Оказавшись в компании этих милых дам, Андрей честно берет на себя роль мальчика на посылках. К примеру, с готовностью отправляется на край города получать какие-то чашки — выигрыш, обозначенный на обратной стороне пробочки от бутылки. Чашки эти выдают в хибаре на пустыре за кладбищем, и ведают выдачей два живописных гомика, которые настолько истерзаны ревностью друг к другу, что появление Андрея воспринимают поначалу как явление рокового соперника и долго не могут понять, что ему, собственно, нужно, если он “не этот твой” и “не твой этот другой”. “Мне нужны чашки”. — “Какие чашки?” — “Ну, чашки, выигрыш”. — “Так бы сразу и сказали, что чашки”. — “Я так сразу и сказал”. — “Нет, вы не сказали”. — “Нет, я сказал”. — “Вот ваши чашки”. — “Что это за чашки? Они мне не нравятся”. — “А других нет. Берите, какие есть”, — и т. д., извечный муратовский диалог. Выданные в конце концов пластмассовые чашки оказываются настолько убогими, что Андрей не решается нести их в дом к Анне Сергеевне и отправляется в дорогой фарфоровый магазин купить чего-нибудь поприличнее.
Сцена с надменной продавщицей фарфоровых чашек — одна из ключевых в фильме. Эта женщина со вздернутым подбородком, растянутым мартышечьим ртом и вызывающе прямым позвоночником с трудом выносит присутствие рядом с собой любых человеческих особей.

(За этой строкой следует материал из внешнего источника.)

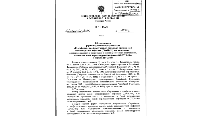 «Утвердить: форму и порядок медицинской документации "Сертификат о профилактических прививках против новой коронавирусной инфекции (COVID-19) или медицинских противопоказаниях к вакцинации и (или) перенесенном заболевании, вызванном новой коронавирусной инфекцией"», – говорится в приказе Минздрава.
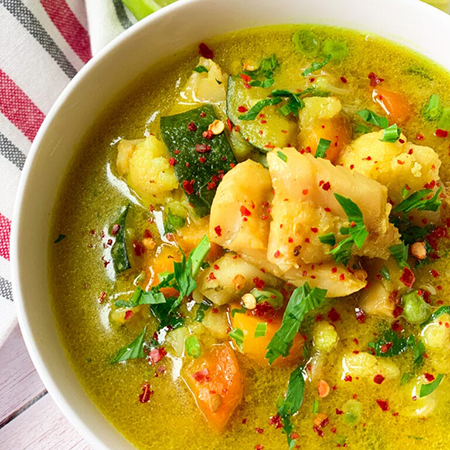 All three types of seafood in this recipe — scallops, shrimp and langostinos — are frozen. Not only does that make them easier to find, but they are also much more affordable. The langostinos can be traded out for white fish if your store doesn’t have them. This is a great soup if you want a creamy soup but want to mostly avoid dairy. Creamed cauliflower is what makes this soup white, not a flour-heavy roux or actual cream. There is a touch of parmesan — so it’s not dairy-free. A serving has 169 calories, 8.4 grams of carbs, 2.4 grams of fiber and 8.1 grams of fat. Get the recipe.

Но нетерпение продавщицы, готовой как можно скорее выпроводить ненавистного покупателя, вскоре объясняется. На пороге появляется застенчивая дворовая псина, которая столуется в магазине, и в присутствии посетителя собаку приходится кормить, поставив ей миску в дверях. Собака стесняется, продавщица стесняется, а Андрей, по своему обыкновению, втягивается в философскую беседу: “Говорят, собаки различают до полутора тысяч запахов. Но ведь человек так плохо пахнет. Как же они нас терпят и любят?” — “В вашем вопросе уже заключен ответ, — цедит сквозь зубы продавщица. — Потому что терпят и любят”. Пафос этой “собачьей” (в лучшем смысле слова) готовности “терпеть и любить”, несмотря на способность различать до полутора тысяч оттенков человеческой глупости, слабости и фальши, — по всей видимости, основной пафос “Настройщика”. Муратовой здесь равно интересны, ее в равной степени занимают все: богатые и бедные, мошенники и их жертвы, холеные барыни и бомжихи с помойки, наркоманы, алкоголики, уличные музыканты, продавщицы, геи, случайные пассажиры в трамвае и даже хищные молодые красавицы…

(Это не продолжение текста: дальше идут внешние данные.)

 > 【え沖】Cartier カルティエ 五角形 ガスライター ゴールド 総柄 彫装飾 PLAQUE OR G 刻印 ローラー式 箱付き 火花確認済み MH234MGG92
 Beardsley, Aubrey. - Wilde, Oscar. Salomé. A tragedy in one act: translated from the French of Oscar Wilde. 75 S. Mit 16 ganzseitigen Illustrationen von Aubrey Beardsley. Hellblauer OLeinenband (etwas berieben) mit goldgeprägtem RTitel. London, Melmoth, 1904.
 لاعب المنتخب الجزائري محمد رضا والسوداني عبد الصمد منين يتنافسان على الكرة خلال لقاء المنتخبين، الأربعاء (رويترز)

Пожалуй, последняя категория, персонифицированная в образе возлюбленной героя — платиновой блондинки-вамп по имени Лина (Р. Литвинова), — объект наиболее трудный для “терпения и любви”. Лина — восхитительное чудовище, существо вне морали. Она ленива, корыстна, холодна, жестока, виртуозно умеет играть на нервах сожителя и настойчиво подбивает его на грабеж. Примиряет с Линой уморительная абсурдность произносимых ею — типично литвиновских — реплик и монологов, а также основополагающая комическая черта, очень точно найденная Муратовой. Главное свойство Лины — иррациональная жадность, когда аппетит намного превышает возможности не только кошелька, но и желудка.